I know it was a huge mistake to buy it but at the time it was the first computer I was building so I didn't know 1/10 of what I've learned so far. For now the 5830 does the job but with the editing and the streams it's quite insufficient and when I start working on summer vacations I'll probably get my hands on a better card so just wondering what would be a good choice for the price because the 6990 or the 5970 might be beast but they are way out of my budget  Not considering any nvidia just because imo asus motherboards have better synergy with ATI graphic cards+AMD processors


----------



## greenbrucelee (Apr 24, 2007)

well done.

I always run nvidia and asus boards and never have an issue.

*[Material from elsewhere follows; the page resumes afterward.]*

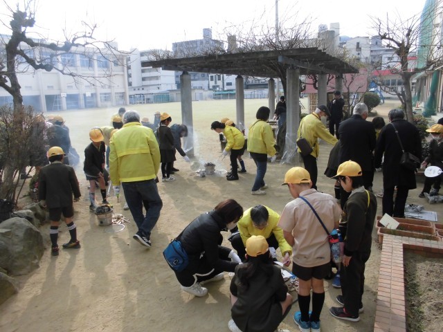 昔の道具「七輪」を使って、炭でおもちを焼きました。

There were often issues with amd CPUs and nvidia boards though.


----------



## backups (Apr 5, 2012)

yea asus has good synergy with every graphic card manufacturer. I love their motherboards and monitors. their laptops are terrible tough. they get hot rly quick and their performance isn't all that great.
Anyways from what I've seen there isn't much costing 200euros or less that would be a significant upgrade to my 5830. guess I'll have to aim a little higher to upgrade my graphics card.

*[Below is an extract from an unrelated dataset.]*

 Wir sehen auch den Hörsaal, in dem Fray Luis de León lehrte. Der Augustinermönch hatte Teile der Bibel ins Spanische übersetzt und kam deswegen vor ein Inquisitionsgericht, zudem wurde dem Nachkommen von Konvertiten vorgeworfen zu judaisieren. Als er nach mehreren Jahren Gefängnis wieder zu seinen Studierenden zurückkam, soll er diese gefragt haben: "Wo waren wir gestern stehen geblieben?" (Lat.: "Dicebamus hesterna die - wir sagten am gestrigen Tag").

Also I've been wondering my power supply has 800w which for now is perfectly fine but I was wondering is there any sort of program where I can see the wattage I'm using? I also have in consideration that over time the power supply wattage has a slight reduction at least from what I've been reading. Just wanted to know if there was a program to have an idea on the comsumption of my computer at this time.


----------



## greenbrucelee (Apr 24, 2007)

The are not any programs to show how much you are using but if you go for a very high wattage and dont need it then efficiency drops.

Say for example you had a system with 8GB ram a couple of hard drives and a gtx560 then 650 - 750 watt would be ok but going for an 850 would caus ean efficiency drop.


----------